** Opening RECORDS FOR PROCESSING block **

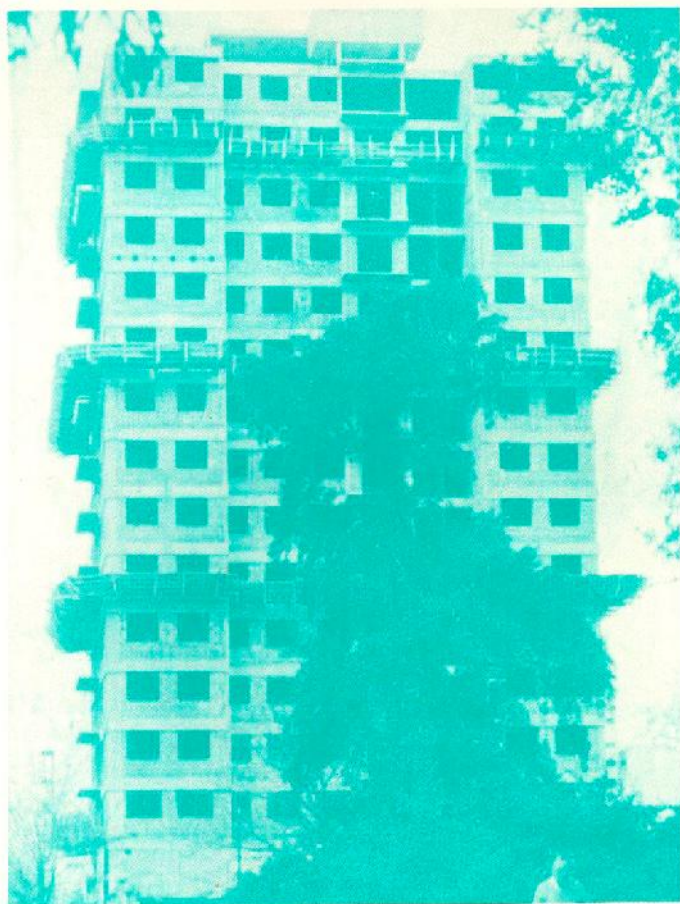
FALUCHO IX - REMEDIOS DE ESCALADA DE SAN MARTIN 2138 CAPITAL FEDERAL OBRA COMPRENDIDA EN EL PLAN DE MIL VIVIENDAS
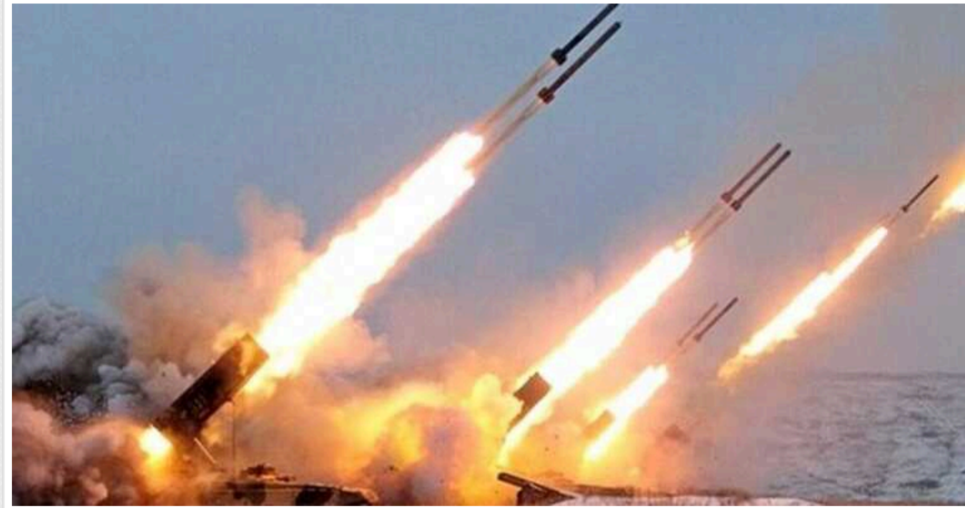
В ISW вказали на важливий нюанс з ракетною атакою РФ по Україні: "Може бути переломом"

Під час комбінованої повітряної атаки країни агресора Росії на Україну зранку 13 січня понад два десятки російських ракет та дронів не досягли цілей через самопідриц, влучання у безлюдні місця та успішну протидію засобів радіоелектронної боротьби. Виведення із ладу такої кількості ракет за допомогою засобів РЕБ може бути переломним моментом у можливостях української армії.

** Closing RECORDS FOR PROCESSING block **
** Opening RECORDS FOR PROCESSING block **

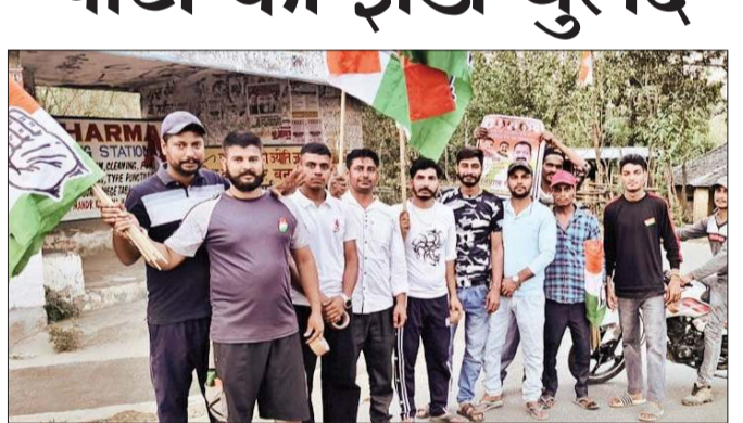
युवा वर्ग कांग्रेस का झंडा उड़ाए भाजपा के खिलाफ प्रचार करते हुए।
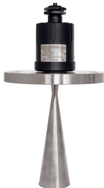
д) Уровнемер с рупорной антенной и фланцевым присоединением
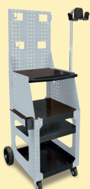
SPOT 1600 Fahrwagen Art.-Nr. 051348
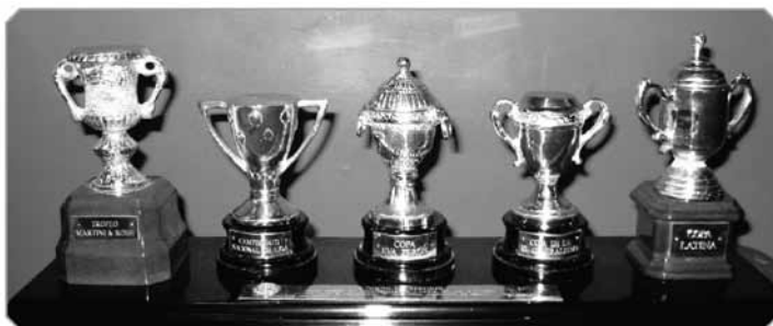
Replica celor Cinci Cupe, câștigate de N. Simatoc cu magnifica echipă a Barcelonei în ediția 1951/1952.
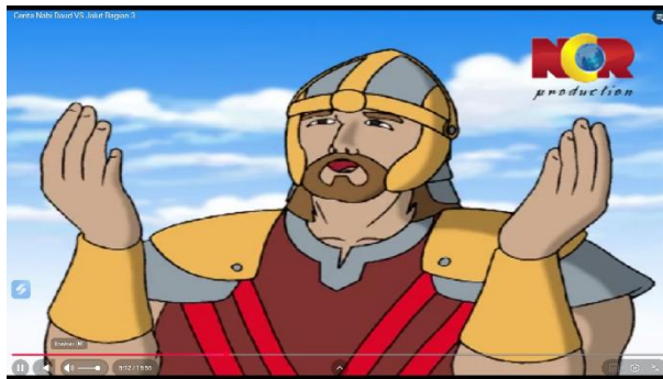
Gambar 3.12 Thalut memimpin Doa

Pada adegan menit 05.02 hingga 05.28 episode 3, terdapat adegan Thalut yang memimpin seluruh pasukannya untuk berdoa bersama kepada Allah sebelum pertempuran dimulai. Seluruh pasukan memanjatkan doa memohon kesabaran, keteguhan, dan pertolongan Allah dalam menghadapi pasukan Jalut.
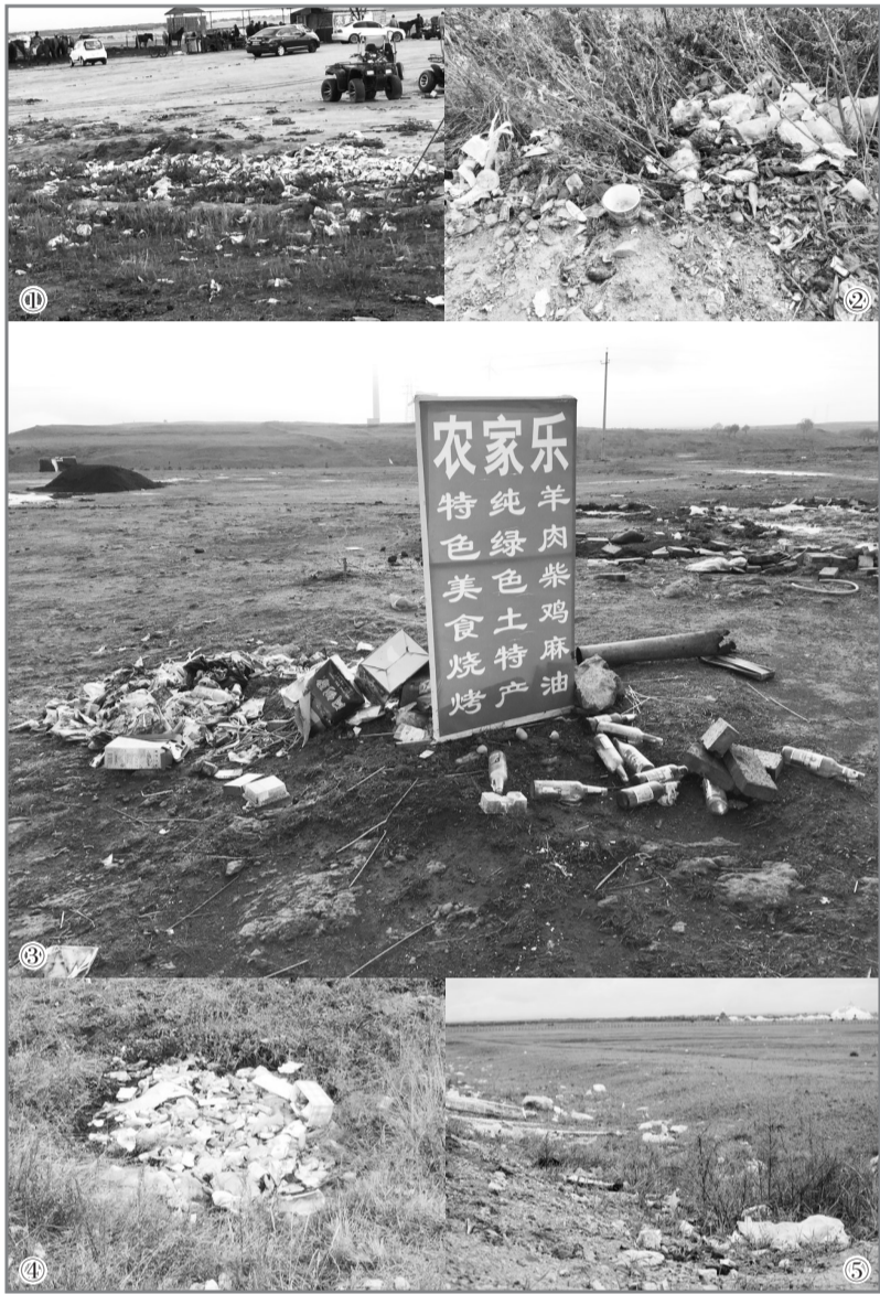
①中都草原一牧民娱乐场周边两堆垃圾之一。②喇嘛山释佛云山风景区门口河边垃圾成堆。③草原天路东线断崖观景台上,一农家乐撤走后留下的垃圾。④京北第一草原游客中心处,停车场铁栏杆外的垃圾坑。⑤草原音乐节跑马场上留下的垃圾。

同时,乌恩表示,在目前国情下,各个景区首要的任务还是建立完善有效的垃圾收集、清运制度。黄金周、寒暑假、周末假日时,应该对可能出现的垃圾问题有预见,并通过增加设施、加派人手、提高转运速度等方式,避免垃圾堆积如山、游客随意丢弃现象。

** Closing RECORDS FOR PROCESSING block **

Extract every line above that contains the word "Thalut".

Gambar 3.12 Thalut memimpin Doa
Pada adegan menit 05.02 hingga 05.28 episode 3, terdapat adegan Thalut yang memimpin seluruh pasukannya untuk berdoa bersama kepada Allah sebelum pertempuran dimulai. Seluruh pasukan memanjatkan doa memohon kesabaran, keteguhan, dan pertolongan Allah dalam menghadapi pasukan Jalut.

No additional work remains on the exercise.